The plan to be considered next month by the region's six councils calls for Auckland City to guarantee borrowing by Watercare Services, the regional water wholesaler, for growth and capital works. Auckland City's underwriting would result in cheaper loans and, consequently, lower cost rises being passed on to the other councils. For the average consumer, the estimated saving is expected to be $300.
The councils should have no qualms about grasping this eagerly. Watercare's prices have been pegged to less than the inflation rate for the past six years. But it now says that its charges to the water retailing businesses of the councils, which are also its shareholders, must rise this year by 12 per cent for water and 17 per cent for wastewater. The debt guarantee lowers the increase to 7 per cent in both instances.

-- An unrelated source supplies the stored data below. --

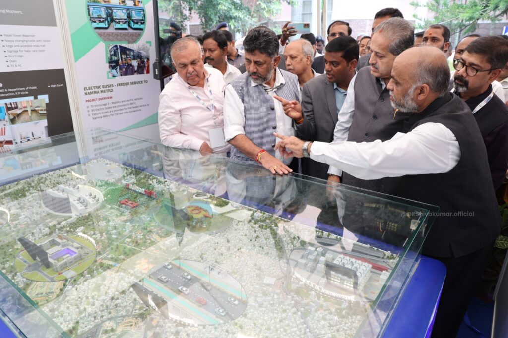 ಬೆಂಗಳೂರಿನ ಸ್ಥೂಲ ಚಿತ್ರಣದ ಪ್ರತಿಕೃತಿಯ ಬಗ್ಗೆ ನಗರಾಭಿವೃದ್ಧಿ ಹೆಚ್ಚುವರಿ ಪ್ರಧಾನ ಕಾರ್ಯದರ್ಶಿ ರಾಕೇಶ್ ಸಿಂಗ್ ಡಿಸಿಎಂ ಡಿ.ಕೆ.ಶಿವಕುಮಾರ್ ಗೆ ವಿವರಿಸುತ್ತಿರುವ ಚಿತ್ರ.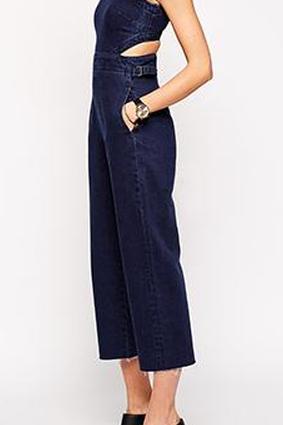 - В Wide Leg Cut Out Джинсовый комбинезон показывает неожиданный проблеск кожи через боков и нижней части спины. Насыщенный оттенок индиго и укороченная длина делают этот стиль одним из самых шикарных. Еще лучше, его можно стирать в машине. Это 100-процентный хлопок, округлый вырез горловины и боковые карманы. Ожидайте платить чуть менее 100 долларов.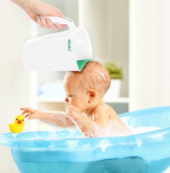 Pohodlný hrníček/kyblíček ke koupání, který usnaďnuje splachování těla a vlasů dítěte.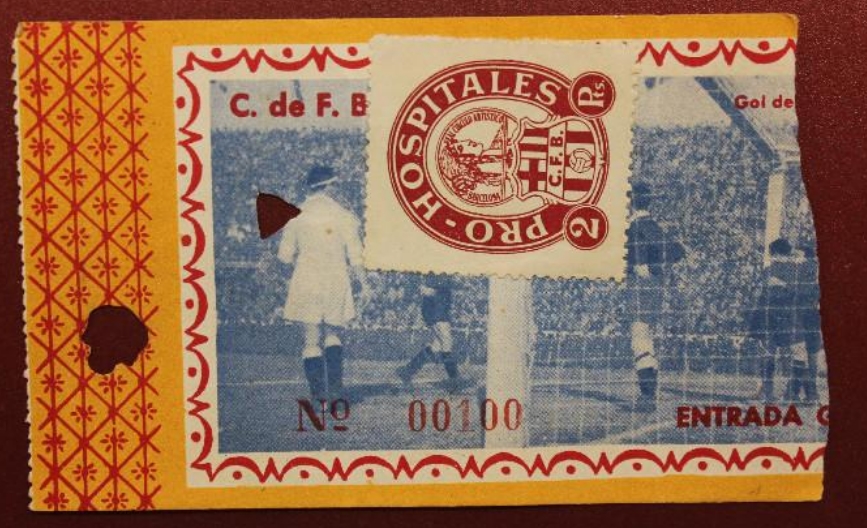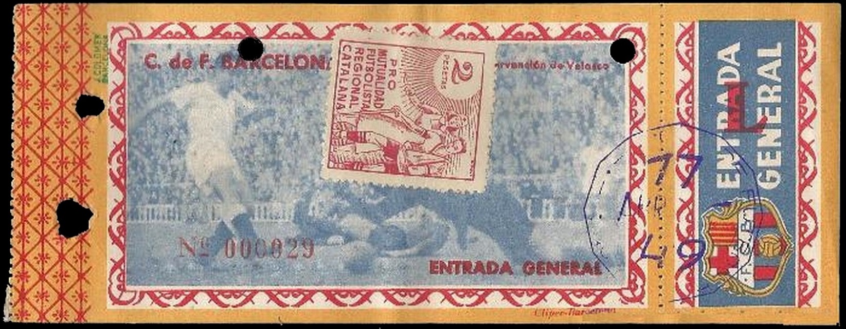 Subo ahora una viñeta benéfica que esta adherida en un frontal de una entrada de FC Barcelona de la liga 1948-49,,, no la conocía,,,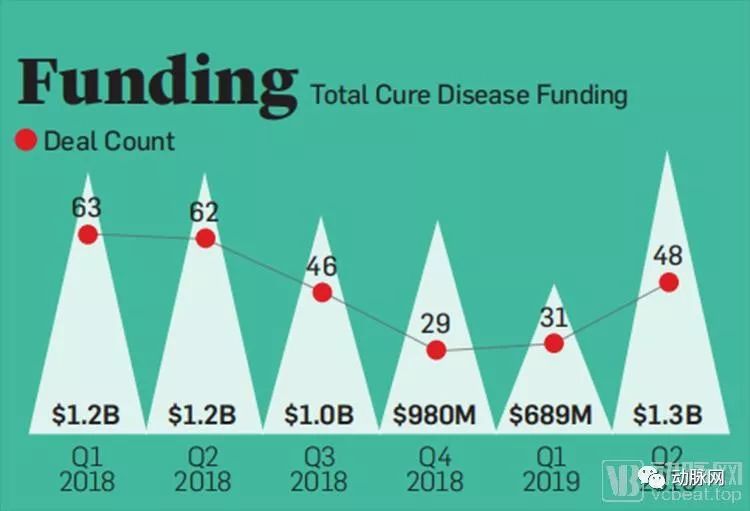 在“治疗疾病”领域,资金和交易数量已经在多个季度下降,到2019年6月有所增加,季度资金增加了90%,交易数量上涨了55%。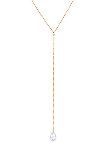 -. Title : Y Necklace with CZ Droplet Long Lariat Style and Matching Dangle Earrings - 14K Gold or Rhodium over 925 Sterling Silver
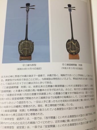 手に入れたのは沖縄県立博物館著の「特別展 三線のひろがりと可能性展」という79ページの本。いわゆる沖縄県の指定有形文化財に指定されている名器が掲載、解説されています。三線を弾いている方であれば、五開鐘(ケージョー)の名を聞いたことはあるでしょう。その開鐘の写真などがずらっと掲載されています。

This reduction is a tribute to the power of a little lateral thinking. In many ways, that is overdue. Water has been, and will continue to be, a burdensome subject for local councils and their ratepayers. The previous Auckland City Council, having been elected in 2004 on a pledge of keeping water bills "fairly priced", oversaw successive 9.6 per cent and 9.1 per cent rises.

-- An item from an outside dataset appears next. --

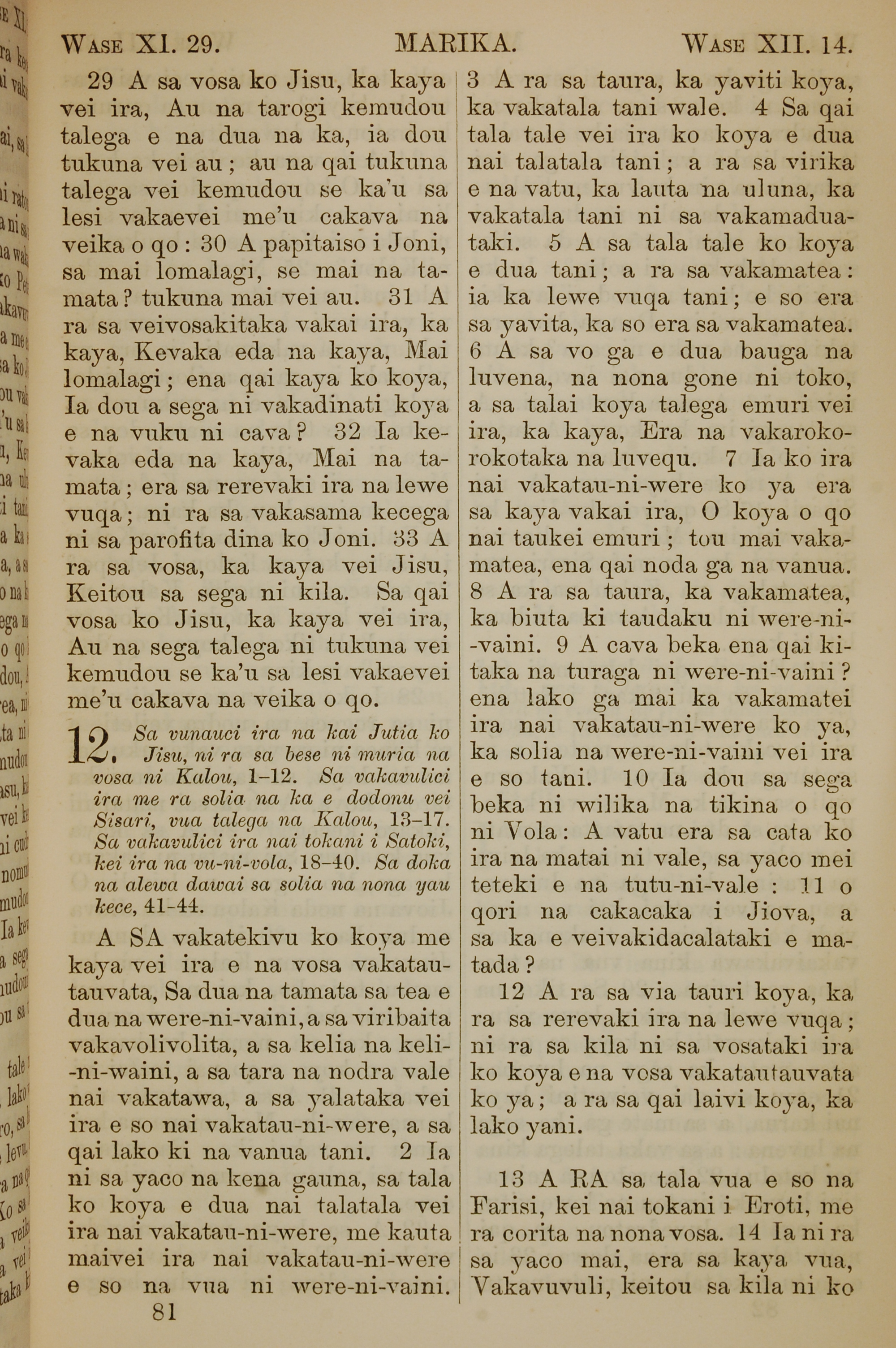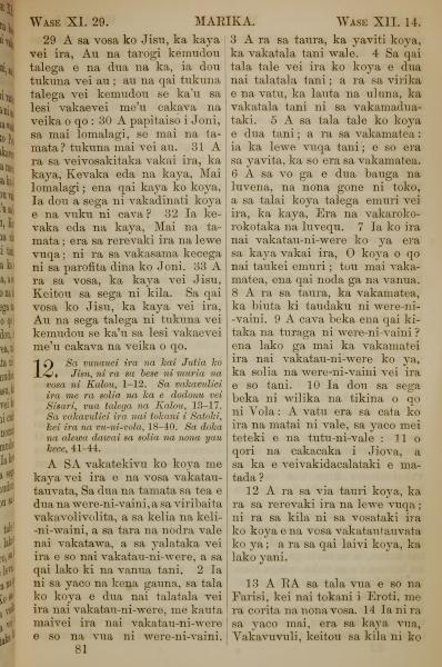 1858年斐濟文新約全書 馬可福音 11 章 29 節到 12 章 14 節

These owed a little to increased capital works and operating costs but a lot to the council's policy of using its water retailing company, Metrowater, as a cash cow for other activities. The increases were, quite correctly, viewed widely as a rates rise in disguise. The council's dominant City Vision ticket splintered on the issue, with Deputy Mayor Bruce Hucker unwilling to pursue a more consumer-friendly policy.
This was hardly the politics that wins elections. Nor was the city council's policy, which was backed to the end by Dr Hucker, the stuff of good governance. At the very least, it called into question Metrowater's whole existence as a stand-alone entity. A parliamentary select committee deemed it "not acceptable" and strongly advised the council to reconsider it. The present proposal shows a far more reasonable and responsible approach, one that, judged by Watercare's forecasts, is absolutely essential.
The wholesaler estimates that in each of the seven years following this, wholesale water prices could rise from 7 per cent to 15 per cent, and wastewater charges by between 7 and 14 per cent. In the case of Metrowater, this would mean an increased cost of about 70 per cent. The importance of Auckland City's underwriting of Watercare's borrowing in driving down these increases is obvious. As is an approach that involves reducing costs, rather than effectively orchestrating substantial increases and attempting to justify them.
Ratepayers throughout the region should take heart from the fact that their concerns about the sharply increasing cost of water have been listened to. There should be no question of the Auckland City lifeline being turned down. This is not the time for the other councils to look disdainfully at its higher financial standing, and to play small-minded politics. Envious they may be but ready they should be to exercise an option that offers at least some relief for their hard-pressed ratepayers.